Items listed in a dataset
· · · · ·
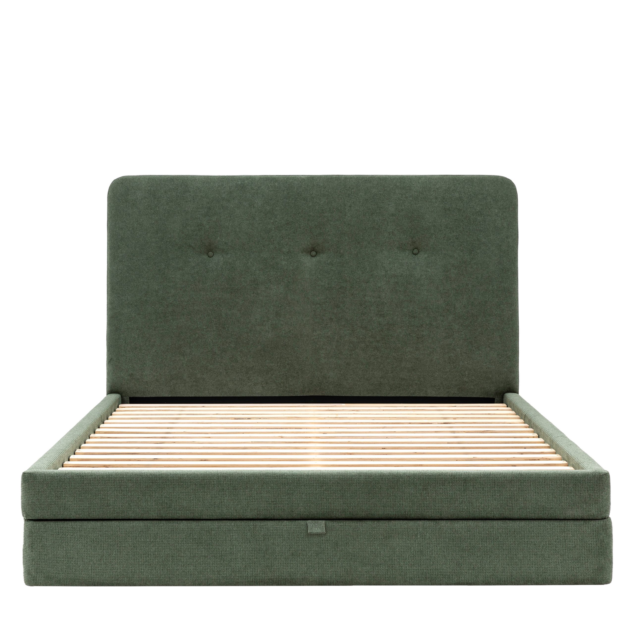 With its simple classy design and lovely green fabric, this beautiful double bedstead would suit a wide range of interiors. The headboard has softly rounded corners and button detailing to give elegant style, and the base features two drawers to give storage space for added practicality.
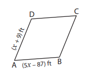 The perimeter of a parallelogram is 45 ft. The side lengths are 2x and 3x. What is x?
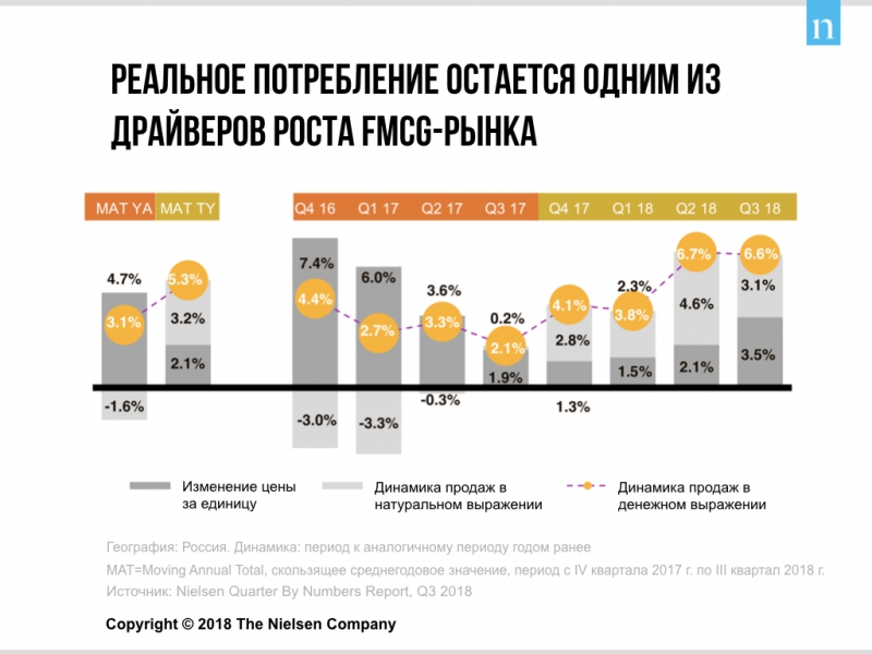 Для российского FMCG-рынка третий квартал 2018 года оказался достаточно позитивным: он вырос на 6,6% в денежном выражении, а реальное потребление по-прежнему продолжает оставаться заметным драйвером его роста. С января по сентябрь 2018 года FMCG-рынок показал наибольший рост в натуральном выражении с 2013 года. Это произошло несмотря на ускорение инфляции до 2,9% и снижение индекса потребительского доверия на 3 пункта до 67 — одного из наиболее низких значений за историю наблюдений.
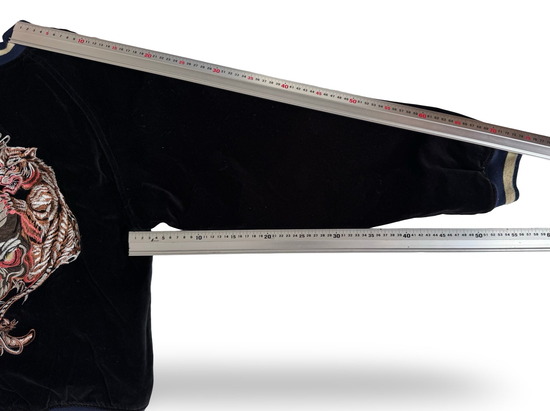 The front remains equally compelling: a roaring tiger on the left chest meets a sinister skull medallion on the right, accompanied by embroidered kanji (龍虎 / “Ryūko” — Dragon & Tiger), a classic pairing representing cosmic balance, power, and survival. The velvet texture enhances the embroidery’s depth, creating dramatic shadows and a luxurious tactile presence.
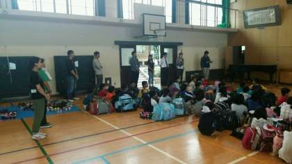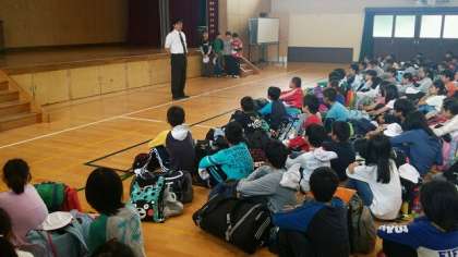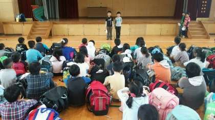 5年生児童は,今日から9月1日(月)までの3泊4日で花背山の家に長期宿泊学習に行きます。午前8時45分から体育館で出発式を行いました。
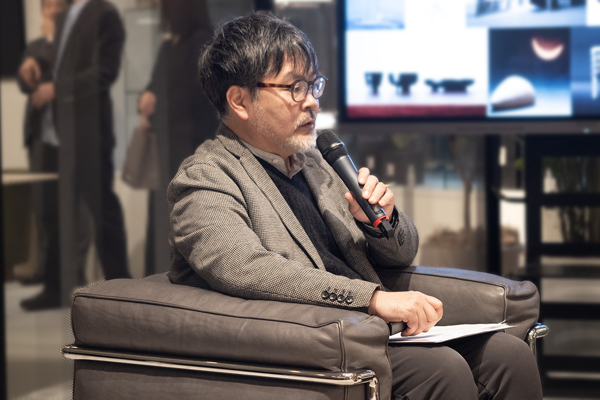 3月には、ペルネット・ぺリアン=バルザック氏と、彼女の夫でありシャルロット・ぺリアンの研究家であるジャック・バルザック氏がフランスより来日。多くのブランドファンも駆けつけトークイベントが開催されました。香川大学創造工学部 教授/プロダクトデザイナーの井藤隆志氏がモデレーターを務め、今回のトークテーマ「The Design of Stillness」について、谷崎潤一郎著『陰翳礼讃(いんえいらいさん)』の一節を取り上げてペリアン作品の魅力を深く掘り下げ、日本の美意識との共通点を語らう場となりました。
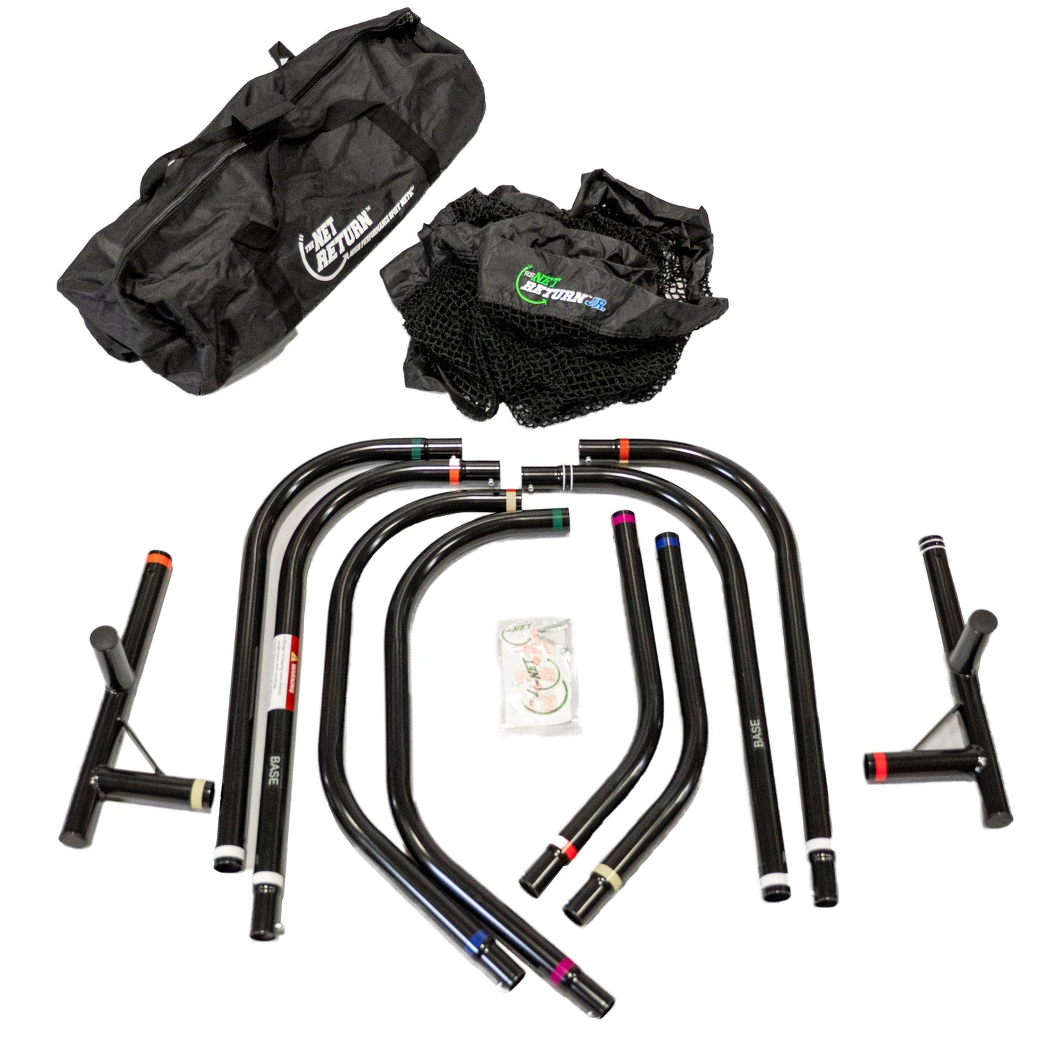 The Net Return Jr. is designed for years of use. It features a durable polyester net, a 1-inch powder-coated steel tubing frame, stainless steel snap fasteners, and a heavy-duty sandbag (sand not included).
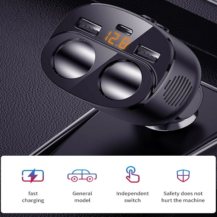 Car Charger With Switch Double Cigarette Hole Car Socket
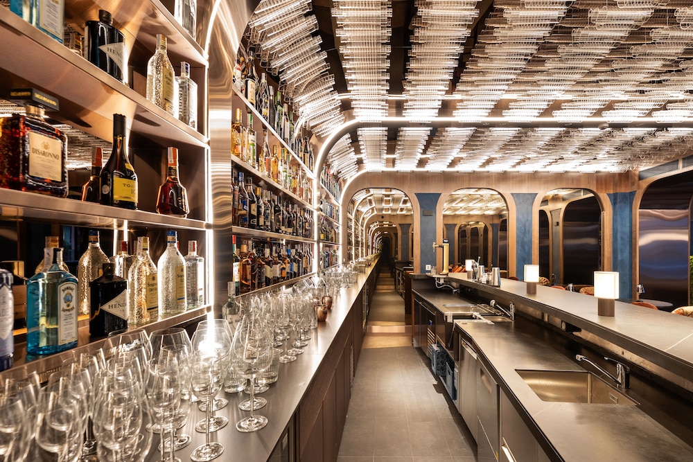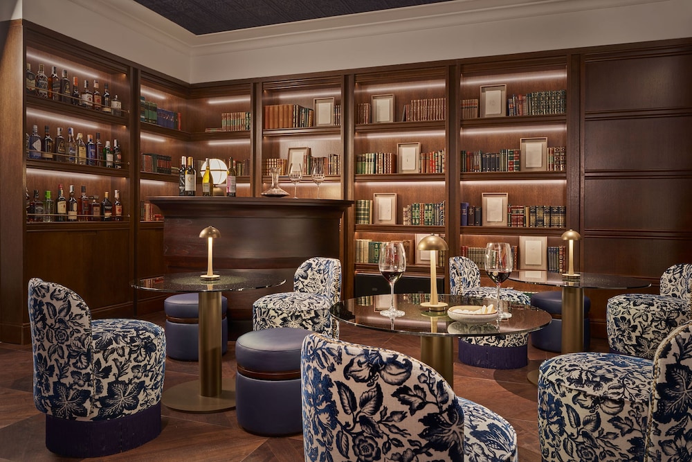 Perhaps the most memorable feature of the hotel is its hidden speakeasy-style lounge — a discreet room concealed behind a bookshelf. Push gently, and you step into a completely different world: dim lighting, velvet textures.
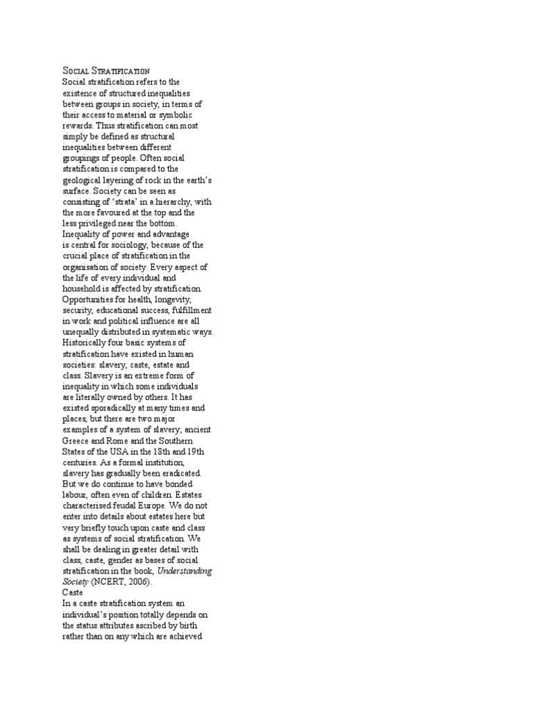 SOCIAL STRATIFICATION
· · · · ·
▶ **PROBLEM REQUIREMENTS**: Please print the entries above exactly. Skip every picture.

▶ **EXERCISE RESPONSE**:
 With its simple classy design and lovely green fabric, this beautiful double bedstead would suit a wide range of interiors. The headboard has softly rounded corners and button detailing to give elegant style, and the base features two drawers to give storage space for added practicality.
 The perimeter of a parallelogram is 45 ft. The side lengths are 2x and 3x. What is x?
 Для российского FMCG-рынка третий квартал 2018 года оказался достаточно позитивным: он вырос на 6,6% в денежном выражении, а реальное потребление по-прежнему продолжает оставаться заметным драйвером его роста. С января по сентябрь 2018 года FMCG-рынок показал наибольший рост в натуральном выражении с 2013 года. Это произошло несмотря на ускорение инфляции до 2,9% и снижение индекса потребительского доверия на 3 пункта до 67 — одного из наиболее низких значений за историю наблюдений.
 The front remains equally compelling: a roaring tiger on the left chest meets a sinister skull medallion on the right, accompanied by embroidered kanji (龍虎 / “Ryūko” — Dragon & Tiger), a classic pairing representing cosmic balance, power, and survival. The velvet texture enhances the embroidery’s depth, creating dramatic shadows and a luxurious tactile presence.
 5年生児童は,今日から9月1日(月)までの3泊4日で花背山の家に長期宿泊学習に行きます。午前8時45分から体育館で出発式を行いました。
 3月には、ペルネット・ぺリアン=バルザック氏と、彼女の夫でありシャルロット・ぺリアンの研究家であるジャック・バルザック氏がフランスより来日。多くのブランドファンも駆けつけトークイベントが開催されました。香川大学創造工学部 教授/プロダクトデザイナーの井藤隆志氏がモデレーターを務め、今回のトークテーマ「The Design of Stillness」について、谷崎潤一郎著『陰翳礼讃(いんえいらいさん)』の一節を取り上げてペリアン作品の魅力を深く掘り下げ、日本の美意識との共通点を語らう場となりました。
 The Net Return Jr. is designed for years of use. It features a durable polyester net, a 1-inch powder-coated steel tubing frame, stainless steel snap fasteners, and a heavy-duty sandbag (sand not included).
 Car Charger With Switch Double Cigarette Hole Car Socket
 Perhaps the most memorable feature of the hotel is its hidden speakeasy-style lounge — a discreet room concealed behind a bookshelf. Push gently, and you step into a completely different world: dim lighting, velvet textures.
 SOCIAL STRATIFICATION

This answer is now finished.